Data for this exercise:

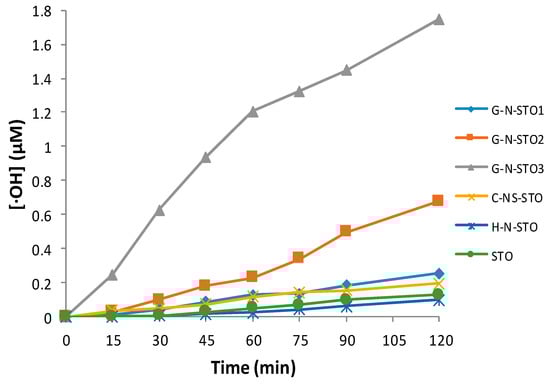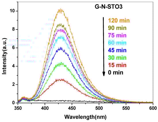 The evolution of fluorescence spectra intensity of hydroxy-terephthalic acid (TAOH) for the G-N-STO3 photocatalyst at different intervals within an irradiation time framework of 120 min is displayed in Figure 6 as a characteristic example. The fluorescence spectra for the rest of photocatalysts prepared are shown in Figure S1 (Supplementary Materials). As it is shown, the fluorescence intensity increases along with time. The kinetics of •OH radicals’ formation for all photocatalysts is shown in Figure 7. The observed linear relationship between the fluorescence intensity (i.e., •OH radicals formation) and the time denoted the stability of the synthesized catalyst. The ability of the photocatalysts to generate •OH radicals followed the trend: G-N-STO3 > G-N-STO2 > G-N-STO1 > C-NS-STO > H-N-STO, STO. As a result, catalyst showed greater •OH formation compared to the catalyst prepared by cysteine and histidine while G-N-STO3, that is, the catalyst with the higher dopant content generates the largest amount of •OH. This observation can be further explained by the the formation of the SrCO3/SrTiO3 junction structure which helps reducing electron/hole pairs recombination as reported elsewhere [50].
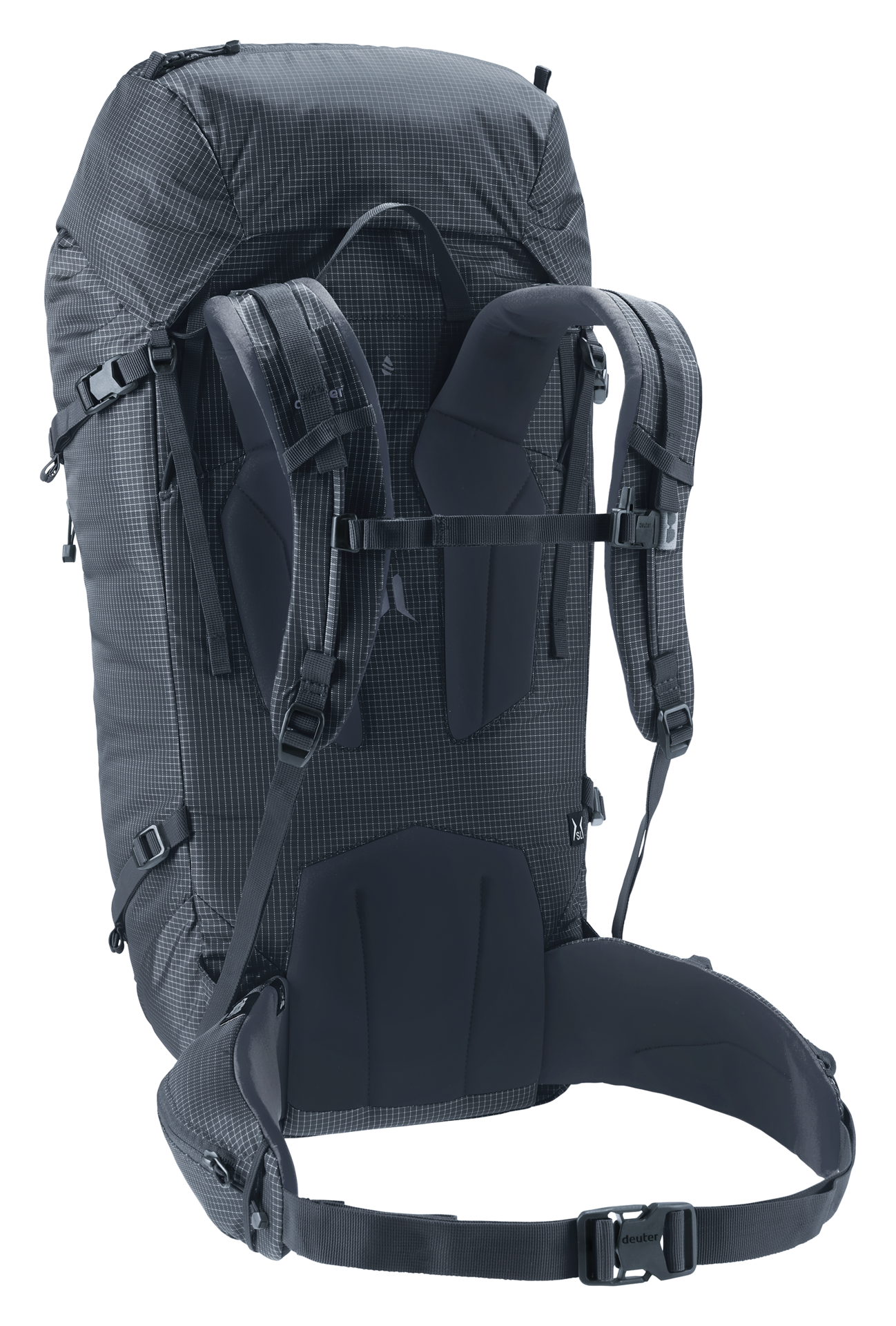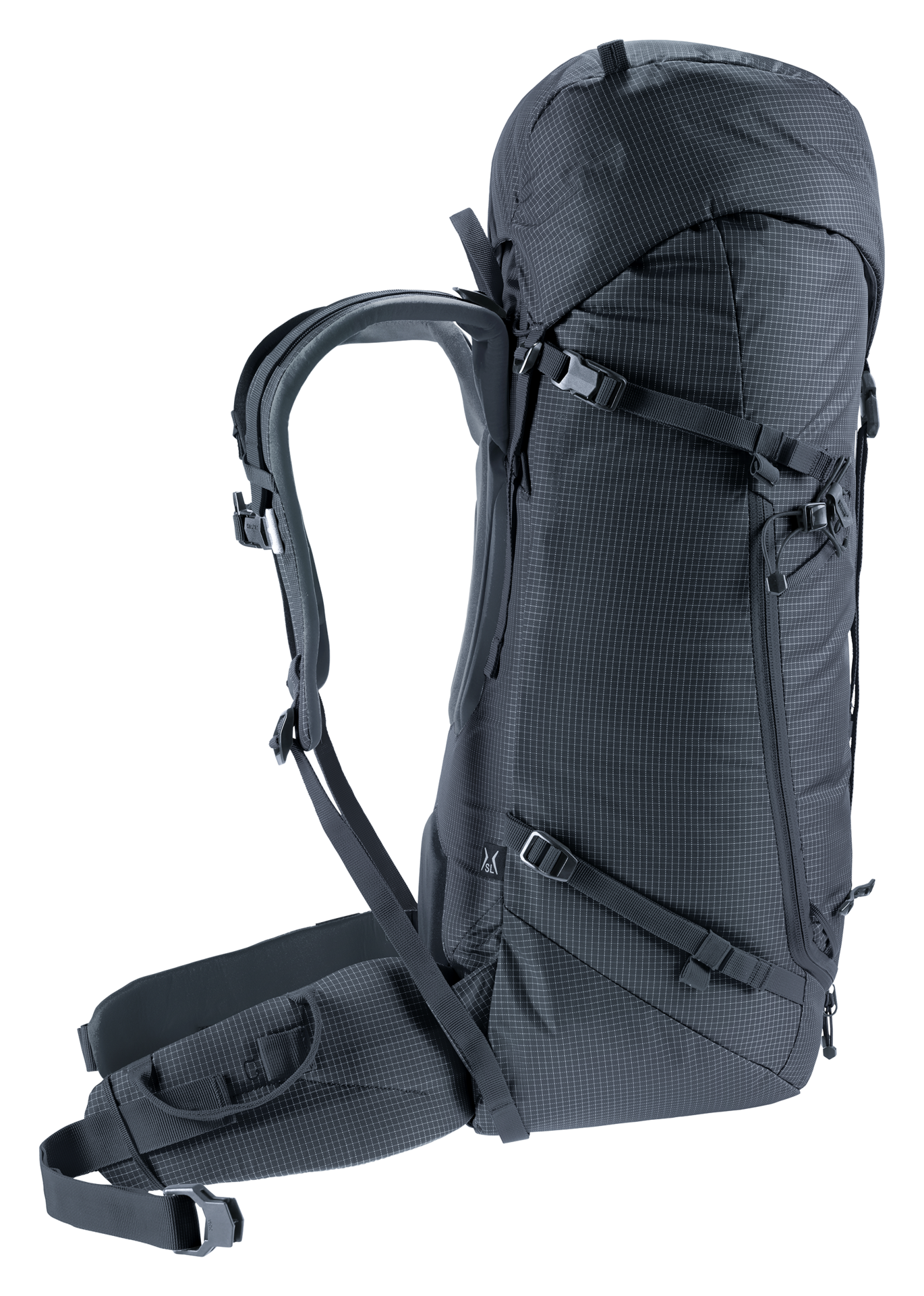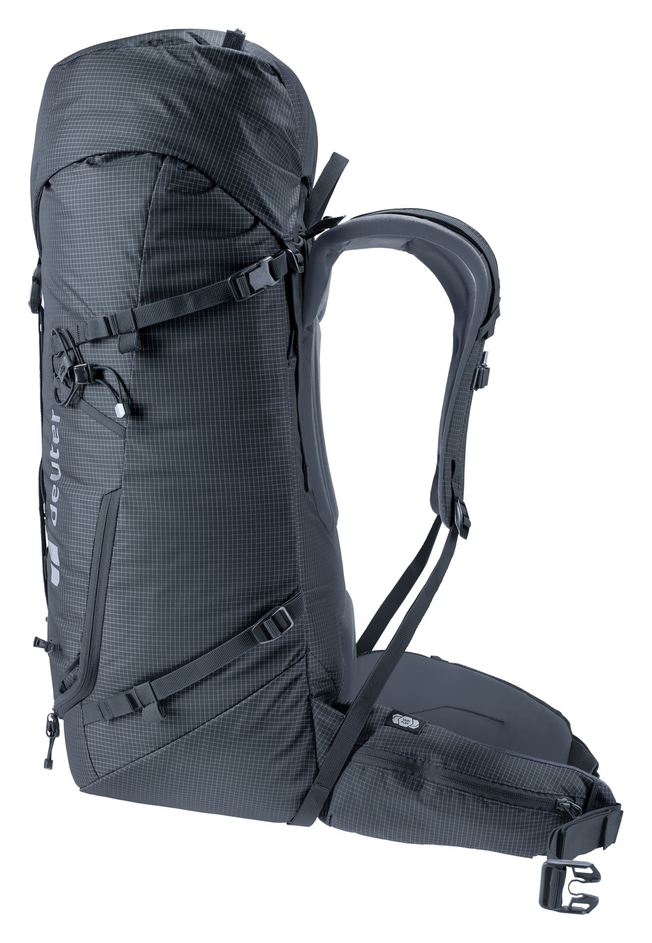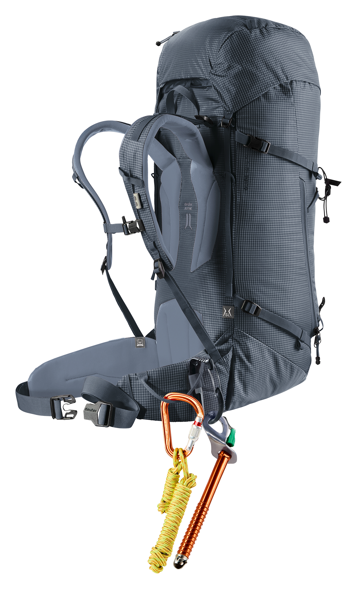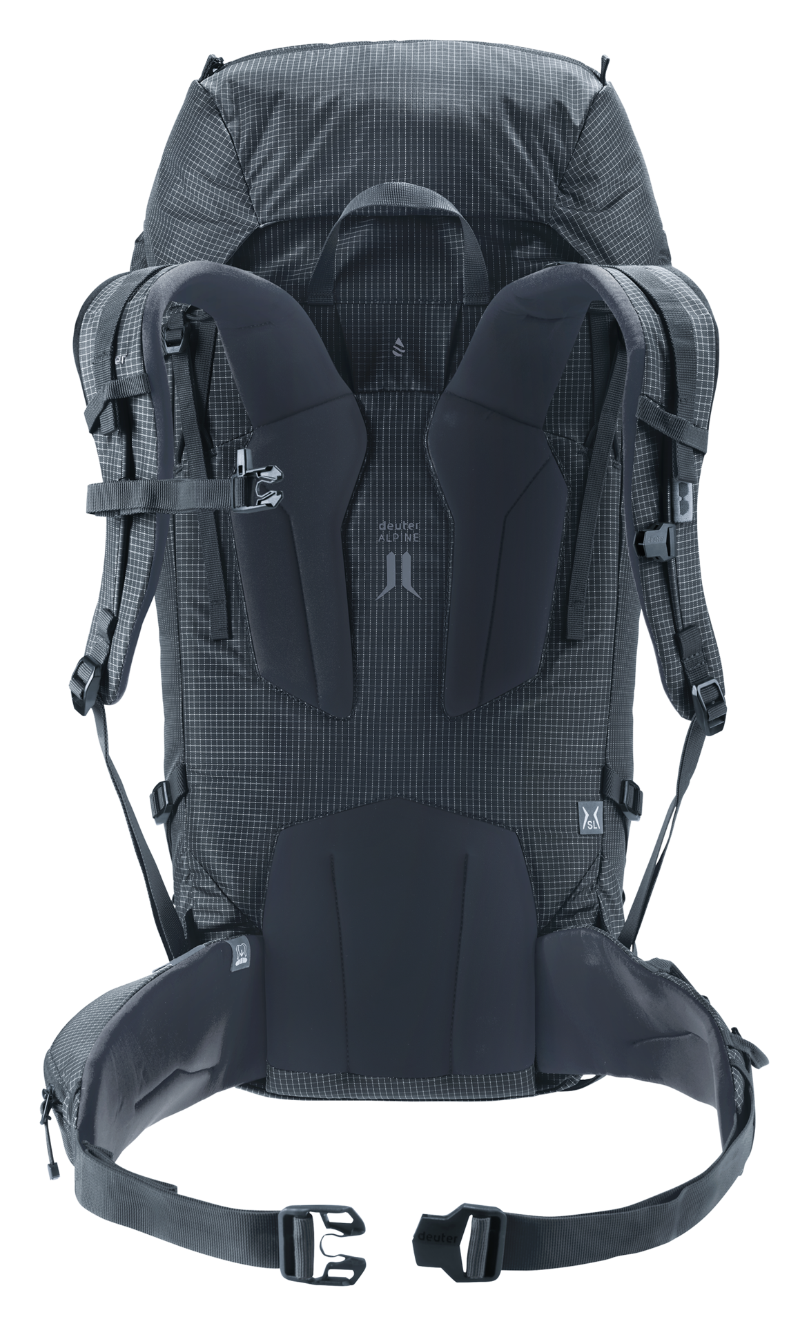 Mit alpinistischer Ausstattung und robusten Materialien bietet der Rucksack alles, was Alpinist*innen benötigen. Abnehmbare Hüftflossen und Deckelkonstruktion, Material- und Befestigungsschlaufen, beidseitige Pickelhalterung, seitliche Ski-Fixierung, Seilfixierung, Helmnetz und eine Volumenerweiterung bieten große Vielseitigkeit. Das Alpine-Rückensystem mit ergonomischer PE-Rückenplatte und Federstahlrahmen garantiert Stabilität, gute Belüftung und hohen Tragekomfort, selbst bei schwerer Beladung. Das Hauptmaterial aus 100 % recyceltem Ripstop-Gewebe schützt zuverlässig vor Nässe, Staub und Fels.
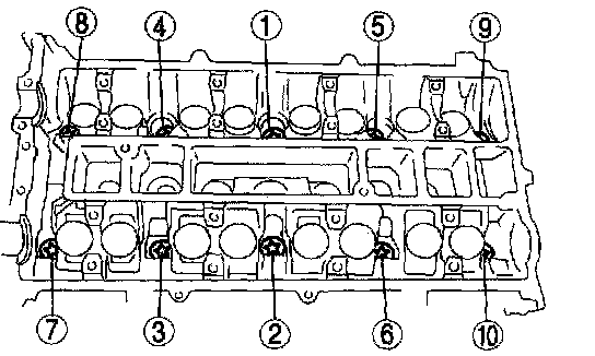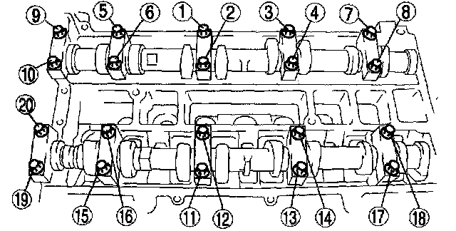 Tighten the camshaft cap bolts in the order shown with the following two steps.
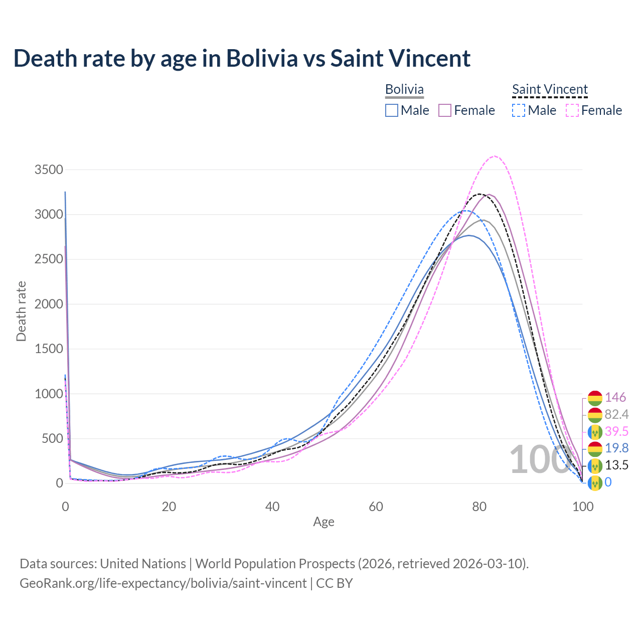 In Bolivia, the most common age of death is 0, compared to 80 in Saint Vincent. The median age of death is 74.5 in Bolivia and 75.6 in Saint Vincent, meaning only half of each cohort is expected to live past that age.
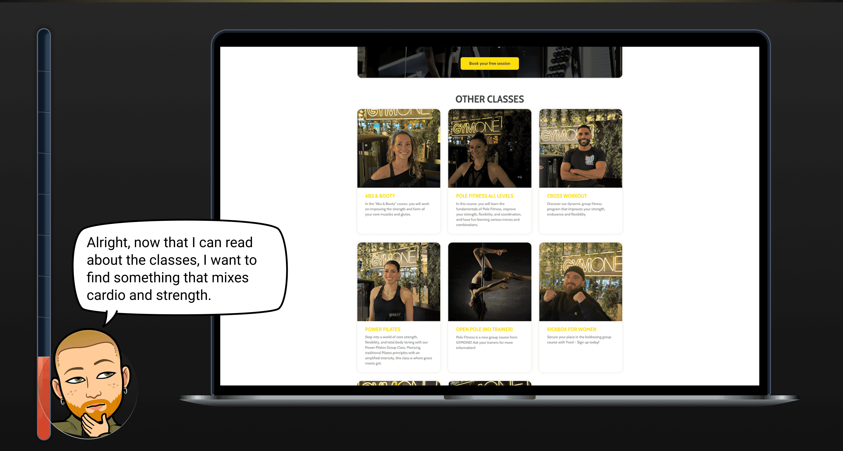 Re-design Gymones key features and improve website usability.

Assignment:
An exact, image-free transcript of the material is required.

Task result:
 The evolution of fluorescence spectra intensity of hydroxy-terephthalic acid (TAOH) for the G-N-STO3 photocatalyst at different intervals within an irradiation time framework of 120 min is displayed in Figure 6 as a characteristic example. The fluorescence spectra for the rest of photocatalysts prepared are shown in Figure S1 (Supplementary Materials). As it is shown, the fluorescence intensity increases along with time. The kinetics of •OH radicals’ formation for all photocatalysts is shown in Figure 7. The observed linear relationship between the fluorescence intensity (i.e., •OH radicals formation) and the time denoted the stability of the synthesized catalyst. The ability of the photocatalysts to generate •OH radicals followed the trend: G-N-STO3 > G-N-STO2 > G-N-STO1 > C-NS-STO > H-N-STO, STO. As a result, catalyst showed greater •OH formation compared to the catalyst prepared by cysteine and histidine while G-N-STO3, that is, the catalyst with the higher dopant content generates the largest amount of •OH. This observation can be further explained by the the formation of the SrCO3/SrTiO3 junction structure which helps reducing electron/hole pairs recombination as reported elsewhere [50].
 Mit alpinistischer Ausstattung und robusten Materialien bietet der Rucksack alles, was Alpinist*innen benötigen. Abnehmbare Hüftflossen und Deckelkonstruktion, Material- und Befestigungsschlaufen, beidseitige Pickelhalterung, seitliche Ski-Fixierung, Seilfixierung, Helmnetz und eine Volumenerweiterung bieten große Vielseitigkeit. Das Alpine-Rückensystem mit ergonomischer PE-Rückenplatte und Federstahlrahmen garantiert Stabilität, gute Belüftung und hohen Tragekomfort, selbst bei schwerer Beladung. Das Hauptmaterial aus 100 % recyceltem Ripstop-Gewebe schützt zuverlässig vor Nässe, Staub und Fels.
 Tighten the camshaft cap bolts in the order shown with the following two steps.
 In Bolivia, the most common age of death is 0, compared to 80 in Saint Vincent. The median age of death is 74.5 in Bolivia and 75.6 in Saint Vincent, meaning only half of each cohort is expected to live past that age.
 Re-design Gymones key features and improve website usability.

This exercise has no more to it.